La yaya quería agasajar a sus invitados. Así que el yayo tuvo que hacerlo. Era un capón (gallo gigante) precioso. Las plumas negras, brillantes, el pico rojo, brillante, y los ojos de brillante fuego. Lo decapitó en la cocina. Con aquel descomunal cuchillo. La cabeza comenzó a brincar y rebrincar. La sangre se derramó en todas direcciones. Sobre las cortinas y el mantel, sobre las baldosas y el frigorífico, sobre el curso de relojero por fascículos.

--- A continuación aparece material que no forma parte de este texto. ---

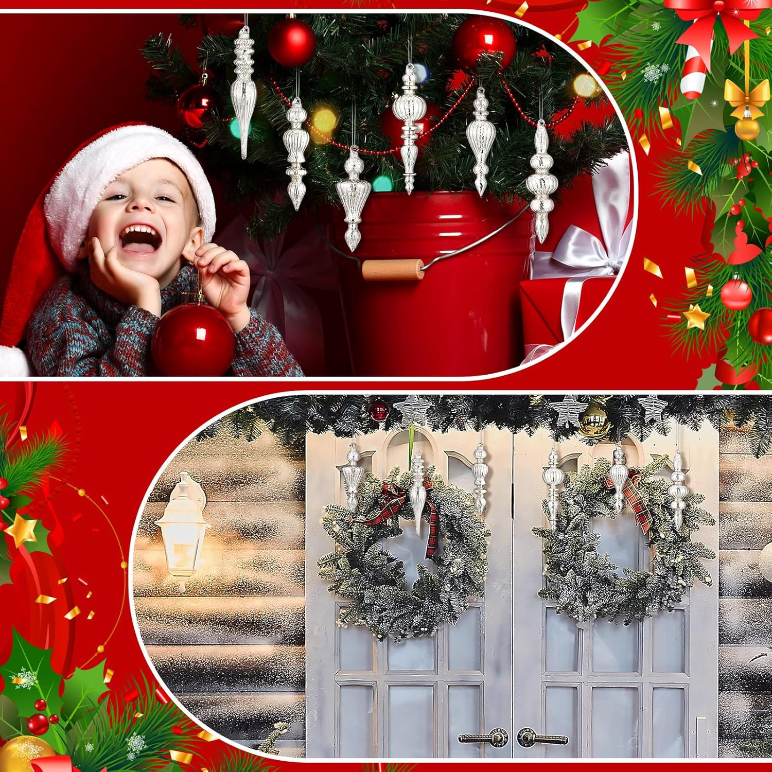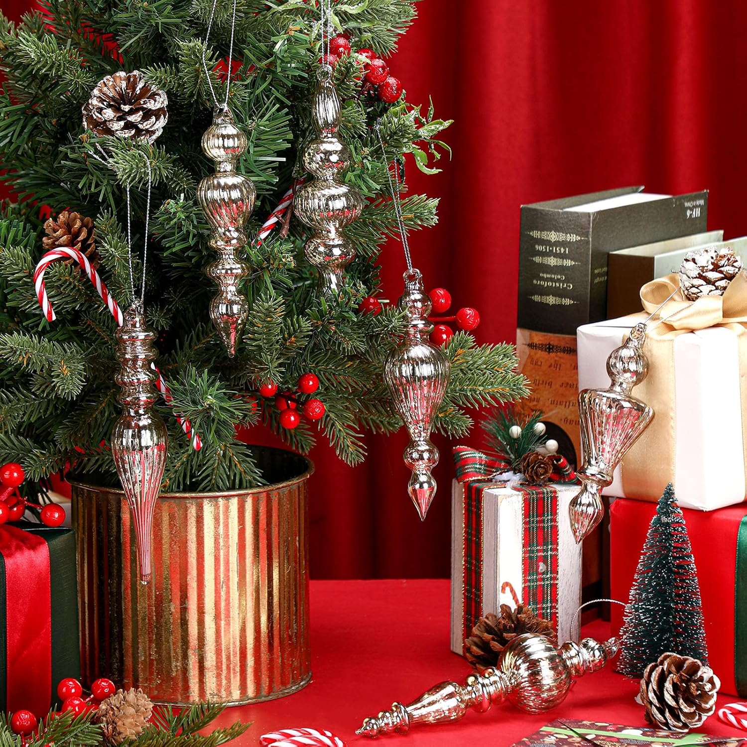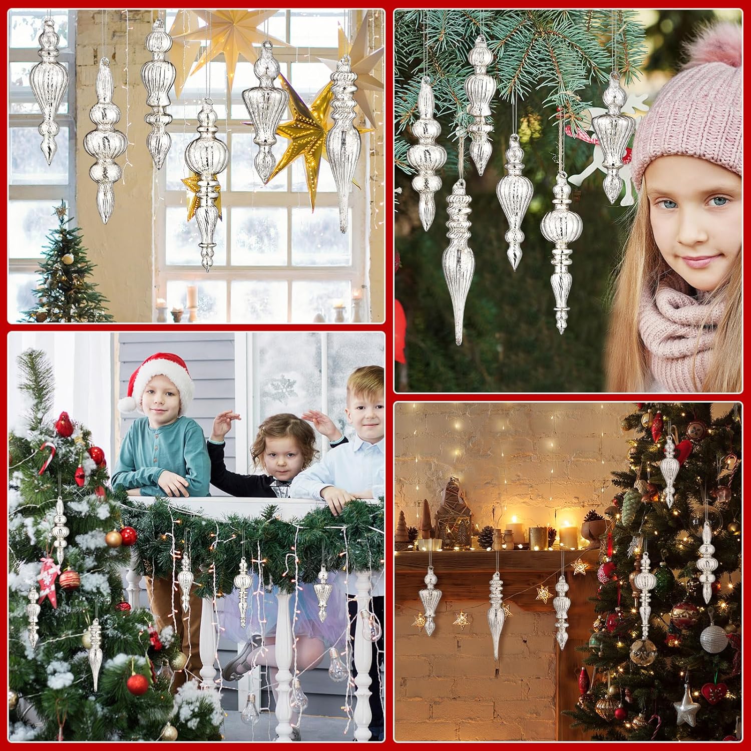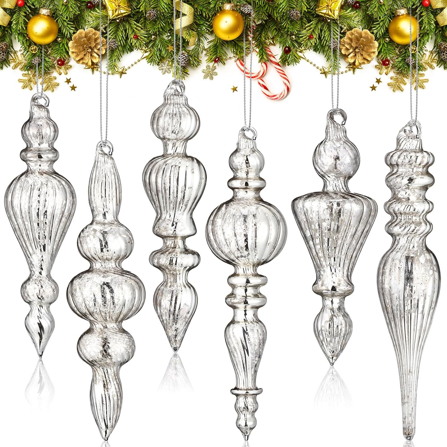 Elevate your holiday decor with these 6-piece mercury glass finials, crafted to enhance both style and functionality. Each finial is made from premium, shatterproof glass, ensuring it remains a cherished part of your festive setup for years to come. The sleek, classic silver finish adds a touch of elegance and sophistication to your Christmas tree or wreath.

Fue tal la impresión, que ninguno lo probó durante el banquete.
Mi yayo era un hombre bueno. '¿Por qué tengo que ser un criminal?', se lamentaba.
Me quedo frito sobre la colcha. Noche tras noche. Un calcetín cuelga del pie. El otro está en el suelo. La babilla empapa, paulatinamente, la almohada. El flexo sigue encendido. Mi madre suele decir que el día menos pensado saldré ardiendo.
Estoy tumbado en el sofá. Ella, sentada en su sillón. Nuestras manos, enlazadas. Y en la tele, María Teresa Campos, Ana Obregón, y todo el equipo. Ella recuerda sus tiempos de novia. Me pregunta por la mía. Sonrío, y le acaricio los nudillos.
Me recosté sobre la hierba. La boca de L. suspiraba enamorada junto a mi oreja. Manzanas y bocadillos de tortilla. Y pilas de besos. Observábamos a la niña oriental que regaba margaritas con el tapón de una botella de agua mineral.
Los cabrones avariciosos del pueblo han talado todos los chopos de la ribera. Ahora, el río fluye calvo a su paso por el municipio. Entre los lugareños se comenta que los mandatarios se han embolsado 100.000 euros con la acción.
A veces, estando solo en mi habitación, lloro de angustia. Procuro no hacer ruido, por lo que, generalmente, me cuesta respirar. Escribir no consigue aliviar este miedo a perder a los míos. Vivo atenazado por el temor de que cada instante compartido sea el último.